そこへいって、胃弱だったのにもかかわらずよく食べた彼は、定期的にクスリをもらっている。
「お歌」は、このころの彼の愛人。ある事件に巻き込まれていた彼は「お歌」という愛人を、このとき病院に入院させていたのだ。
お歌は荷風の「永遠の恋びと」と評されることがあるが、とぎれとぎれに、荷風晩年まで寄り添っていた唯一の女人。「お歌」の素性や、その人となりも、研究家によって突き止められ、写真も何枚か発掘されている。
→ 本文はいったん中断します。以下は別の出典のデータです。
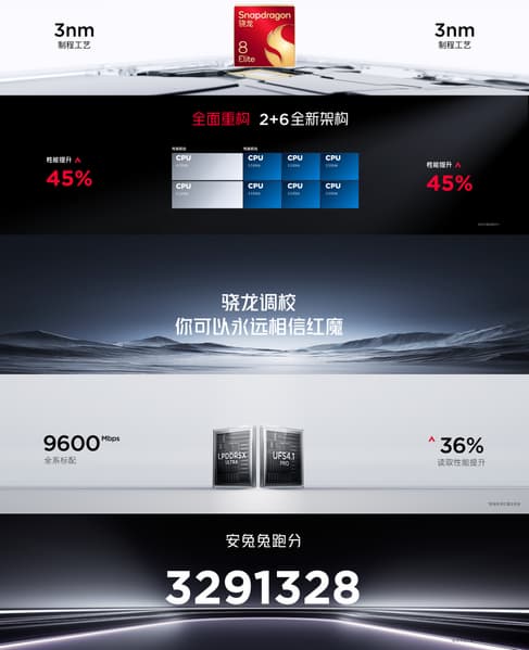 В Китае идет презентация смартфонов новой линейки Red Magic 10. В ходе нее были озвучены результаты производительности флагманской модели серии в AnTuTu: Red Magic 10 Pro набирает в бенчмарке 3,29 млн баллов. Ни один из уже представленных флагманов на Snapdragon 8 Elite или Dimensity 9400 на такое не способен — их производительность не дотягивает до 3,1 млн баллов.

   (若き荷風と関根歌。一時期彼女に店を経営させていたことがある。ネットの画像をおかりしています)

さみだれや人の通らぬ夜の橋
深川の低き家並みやさつき空

名句とはいえぬまでも、なかなかいい句である。彼は銀座へ出かけて外食し、愛人を病院に見舞う。そして一人、帰途につくのだ。
昭和6年(1931)の7月は、こうして過ぎ去っていく。
もう一度引用するが、
さみだれや人の通らぬ夜の橋
深川の低き家並みやさつき空

・・・の二句は、こういう背景の中で読むと、一段と輝いて見える。
《暮方銀座にて夕餉(ゆうげ)をなし中洲病院にお歌の病を問ふ。暗夜中洲より永代橋に至る川筋のさま物さびしく一種の情趣あり。》

娼婦のことをしばしば「淫乱な女」としてあつかっているが、本当は荷風自身が淫乱であったのだ。小金持ちだったので、その種の女ばかり漁っていたともいえる。しかし、関根歌は、ただの商売女ではなかった。
金銭づくで女から女へ渡り歩いてきた彼が、彼女とめぐり逢えたことは、あとから彼の生涯を見渡したとき、仕合わせであったのではなかろうか、とわたしは思う。


  (荷風評伝の金字塔「考証 永井荷風」秋庭太郎)

昭和6年7月13日、14日、15日といえば、いまからおよそ88年前。
想像力を働かせるなら、わたしの目の端には、雨にけむる隅田川の橋を、傘をさして渡っていく荷風の後ろ姿がにじむ・・・まるで映画のロングショットのように。
こういうドキュメントもあるのだ。

荷風の大作「断腸亭日乗」。
この日記に分け入って、仔細に読むのは非常な骨折りだが、むろんそれだけの価値がある。過ぎ去ったばかりの平成の時代にも、多くの先人たちが、この日記を読み、心打たれて、この日記をめぐって著作を書いてきた。
荷風は日記に何曜日かは書かなかったが、天候は必ず書き込んでいる。
「雨瀟々として降る」「雨瀟々」
彼が好んだ一句。
生涯にいったい、何度このことばを書き込んだことだろう。雨に降られたその回数だけ!
いやもっとたくさんの雨瀟々が存在する。彼の欲望をかき立て、あるいは洗い流す・・・雨、雨、雨。